Re: Non-XML binary formats.

From: Paul Thorpe <thorpe@oss.com>
Date: Wed, 1 Dec 2004 11:15:18 -0800 (PST)
To: David Ryan <david@einet.com.au>
cc: bobwyman@pubsub.com, "'Stephen D. Williams'" <sdw@lig.net>, public-xml-binary@w3.org
Message-ID: <Pine.GSO.4.58.0412011053050.8681@fortress.oss.com>

On Wed, 1 Dec 2004, David Ryan wrote:

> Paul Thorpe wrote:
>
> >>I've come from the direction of CORBA and other Remote Procedure Call
> >>architectures.  What I was looking for was a way of doing strong data
> >>type agreement between two systems that have not previously had any
> >>contact or been developed by the same parties.  This requires that the
> >>two systems are able to negotiate if they have the same data type
> >>formats dynamically; ensuring that their encodings also match.  This
> >>allows partial schema matching between two systems.  It requires that
> >>the schemas act more as dictionaries instead of schemas, or I believe
> >>the term in ASN.1 is modules.  It allows an individual application to
> >>build it's own vocabulary which meets its own needs, and then allows a
> >>client to discover if there is a match between its own vocabulary and
> >>the server's dynamically.  Argot was my solution for that problem.  If
> >>ASN.1 does allow such matching, I'd be interested in what part of
> >>specifications show this.
> >>
> >>
> >
> >ASN.1 supports this capability via what we call Extensible Information
> >Object Set.  You can constrain a particular portion of a message (an
> >Envelope message perhaps with some "hole" for open content) using an
> >Information Object Set (to indicate what that "hole" should contain).
> >That Information Object Set can be dynamically changed (by addition or
> >deletion) at runtime to alter the nature of the content permitted.
> >
> >
> >
> I went back to the standards page and had a closer look at the X.681
> Information Object Specification.  I assume this is the correct
> specification to review?  The specification while full of detail does
> look like it will require some heavy studying of the other ASN.1
> standards before I can fully understand its aims.  However from what I
> read, this doesn't exactly meet the needs I stated above.  It looks like
> an addition to ASN.1 and does not go to it's core.  This also doesn't
> seem to dictate how you would encode the information object
> specifications.  The aims for Argot and its Remote Procedure Call system
> was to allow the full data type vocabulary and encodings to be matched
> before communicating with them.

Please note that you do not "encode" information objects.  They are
"local" meta data used to indicate what actually goes across this line.
This "add on" has been part of ASN.1 since 1994 when a much less precise
MACRO notation was removed from the language.  Understanding the mechanism
is not too difficult.  A good explanation of it can be found in each of
the two ASN.1 books (available free from www.oss.com or for purchase from
amazon.com).

You might also look at the EMBEDDED PDV mechanism which more directly
supports peer-to-peer negotiation/agreement/identification on what is
being exchanged.

>
> The approach I took with Argot was to create a fully self referencing
> binary description format.  Each definition is fully described by other
> elements defined in the dictionary using a binary description.  This
> makes the description size small and more importantly the library size
> at the end points small.  By keeping every element self referencing a
> client/server interaction can bootstrap the conversation by ensuring
> that the description formats are the same.  I think using an ASN.1
> Information Object Specification based solution would not be able to
> reach the same elegance in deriving a solution, or meet the size
> requirements.
>
> Does ASN.1 allow the description of its types to be encoded using one of
> its encodings like BER?  From what I've read so far, the ASN.1 language
> is strictly a text based language.  I've found the benefit of having the
> type descriptions also in binary allows the client to require no text
> based parser.  This has resulted in a very small marshalling system.
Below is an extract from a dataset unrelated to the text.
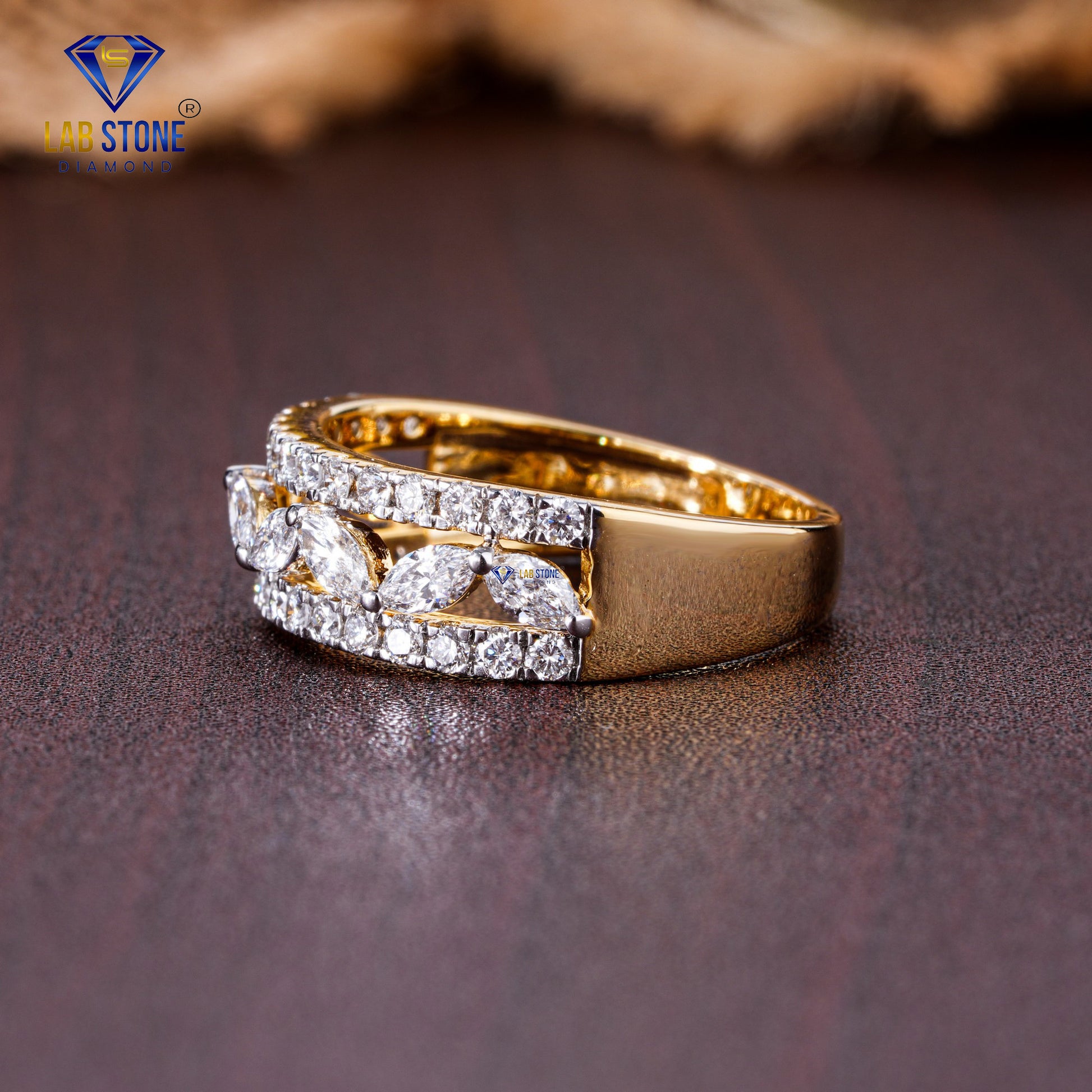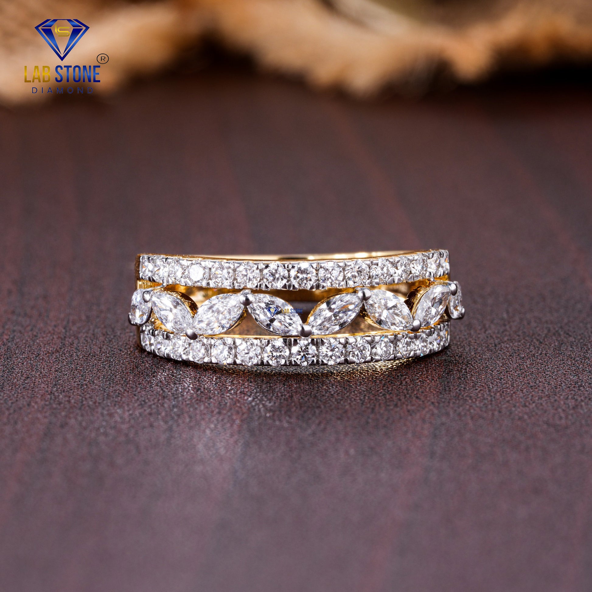 This elegant women’s band showcases a beautiful mix of marquise and round cut diamonds totaling 1.28 carats. The unique blend of shapes creates a captivating sparkle, while the sleek design makes it perfect for stacking or wearing alone. A timeless piece that adds sophistication to both everyday wear and special occasions.

I saw some work on this, but it has not officially been taking on by the
ASN.1 committee.  The ASN.1 committee has not seen high demand for this
thus far, but has listed it among its possible "future work" areas.

>
> >>I think you'll find that with VOIP and other technologies it might be a
> >>matter of those technologies just disapearing in a similar way as the
> >>printing industry has done over the last twenty years.  Standards don't
> >>generally get rewritten, they just get replaced and become obsolete.
> >>
> >>
> >
> >Are you saying you expect VoIP (which uses ASN.1) to disappear?  All
> >indications I see seem to indicate it is still expanding rather than
> >disappearing.
> >
> >
> >
> Maybe using a telecommunications example was a bad choice.  I agree that
> standards don't disapear, however, they do become less important. CORBA
> is another example.  It will continue to be used in systems now and in
> the future, however, I don't see many enterprise organisations picking
> it up for new integration projects.  This is also true of ASN.1.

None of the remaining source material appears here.